The Truth About Disordered Eating: What It Is, What It’s Not, and How to Break Free
May 7, 2025
Welcome Jodi Dolo—certified nutritionist, personal trainer, transformed athlete, Mindful Muscle co‑host, mom, and health-warrior! Overwhelmed by obesity and high blood pressure in her 30s, she committed to change—and lost 90+ lbs. in just over a year. Now four-year strong at her maintenance weight.
🚨 From Health Setback to Full Comeback
- Early health setbacks included asthma attacks and alarming heart palpitations.
- Diagnosed with high blood pressure triggered her wake-up call: “This time, no matter what, I’m in it to win it.”
- Career pivot: left sedentary life as a graphic designer and became fitness-certified, built a thriving wellness empire.
🧠 Why Disordered Eating Isn’t the Same as Eating Disorders
- Disordered eating = unhealthy food mindsets and behaviors (not clinical diagnoses like anorexia or bulimia).
- Common signs:
- Chronic dieting or over-restrictive “clean eating”

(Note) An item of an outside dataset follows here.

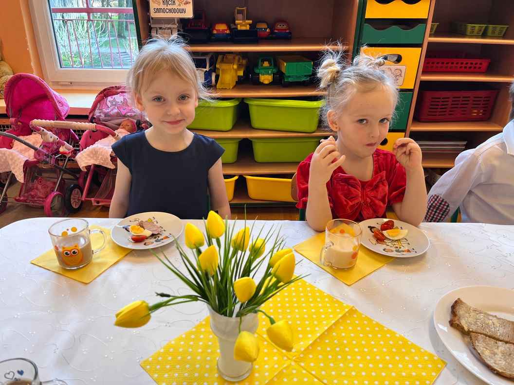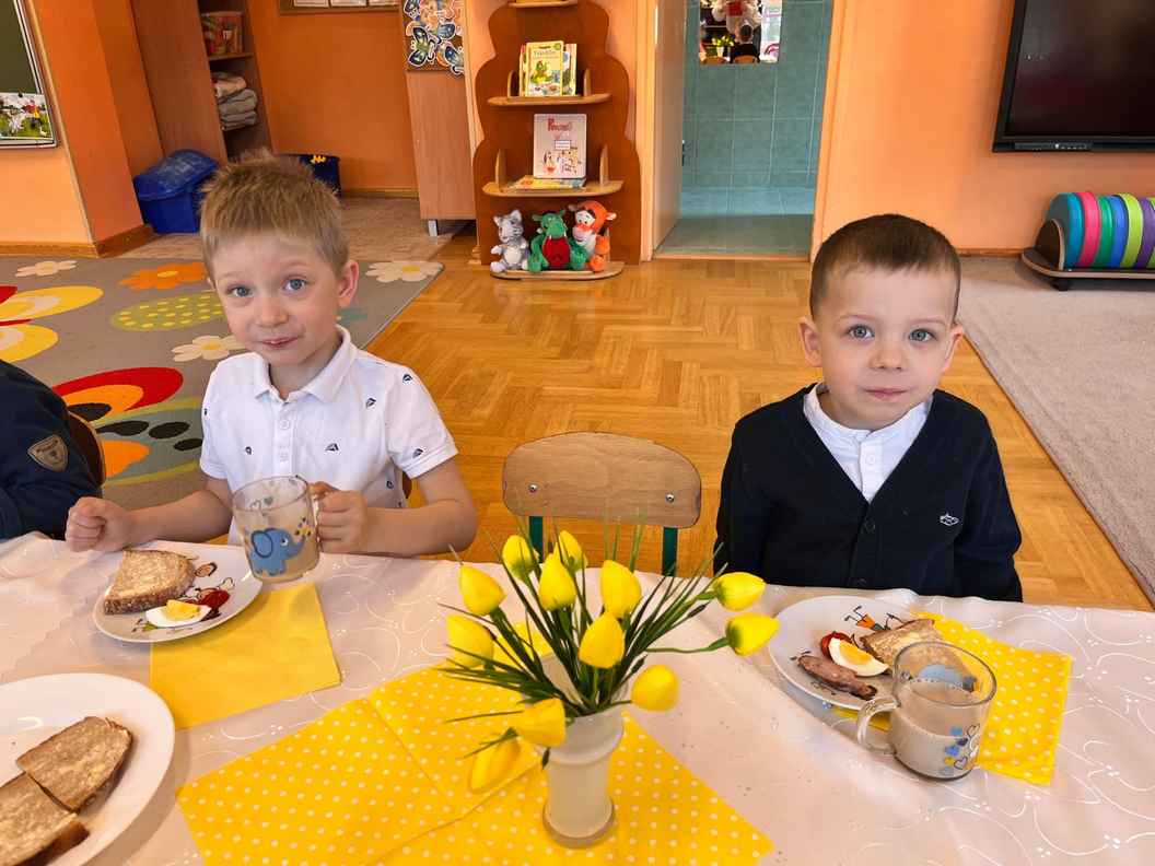 01-04-2026 r. z okazji Świąt Wielkanocnych w grupie "Motylki" odbyło się uroczyste śniadanie wielkanocne, podczas którego dzieci wspólnie zasiadły do pięknie udekorowanego stołu. Na śniadaniu pojawiły się tradycyjne potrawy, które przedszkolaki zjadły ze smakiem.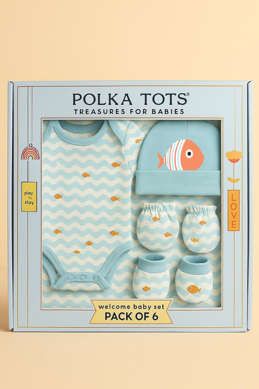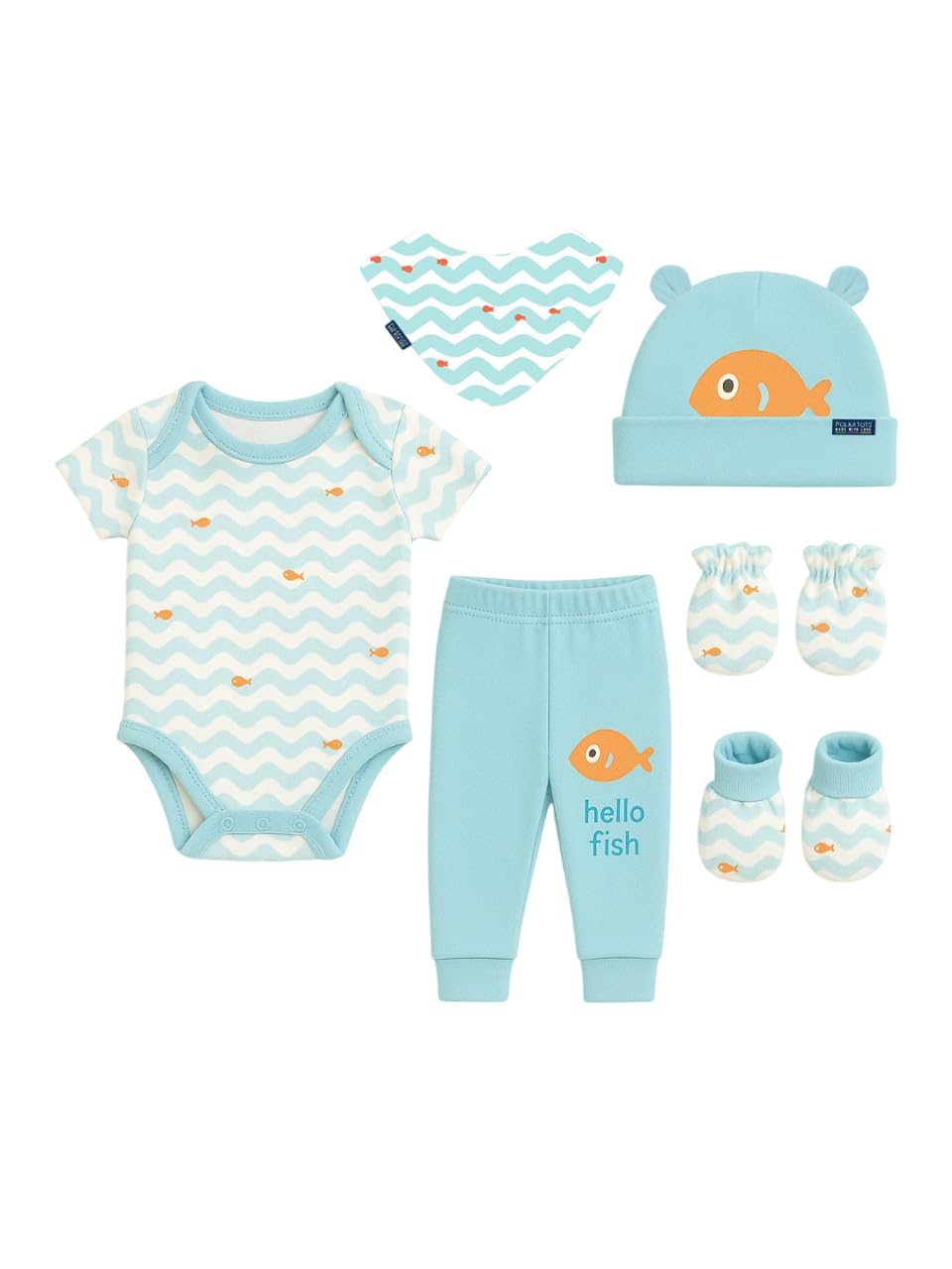 Combo Set with Coordinated Must-Haves Includes 6 essential items in one thoughtfully curated box: 1 Onesie 1 Bottom 1 Cap 1 Pair of Booties 1 Pair of Mittens 1 Bandana Bib

- Guilt or anxiety over certain foods
- Social avoidance due to food fear
- Obsessive calorie-tracking or excessive exercise
- Around 50–66% of people exhibit some level of disordered eating—it’s way more common than you think.
❌ Drop “Cheat Day” & Toxic Food Language
- Calling meals “good” or “bad” fosters guilt cycles.
- Cheat days? A red flag for restrictive, unsustainable eating.
- Instead:
- Do 80% real, nourishing food + 20% flexible indulgence
- Ditch rigid rules—for sustainable, stress-free nutrition
🧩 Build a Sustainable Relationship with Food
- One-Ingredient Wisdom – Stick to whole foods (fruits, veggies, meats, nuts) most of the time.
- Protein-Powered – Aim for protein at every meal before adding fats and carbs.
- Learn the “Why” – Understand nutrition psychology—go beyond meal plans.
- Create Flexibility – Phased approach: rebuild/rebody → maintain → adapt for life stages.
- Change the Language – Words matter. Reframe your internal dialogue around food and self-worth.
🌟 Leading by Example: The Mom Effect
- Kids watch everything—your self-talk, behaviors, and self-care routines.
- "My daughter once said, ‘Mom’s gonna live past 100 because she takes care of herself.’"
- Your healthy habits send a powerful message to the next generation.
🧭 Final Takeaways From Jodi
- Words matter: Stop labeling foods “good” or “bad”—it hatches guilt and failure cycles.
- Cheat-day thinking? If you need one, it’s a sign your diet is too rigid—reassess.
- Sustainability > speed: Quick-fix diets don’t last; lifelong habits do.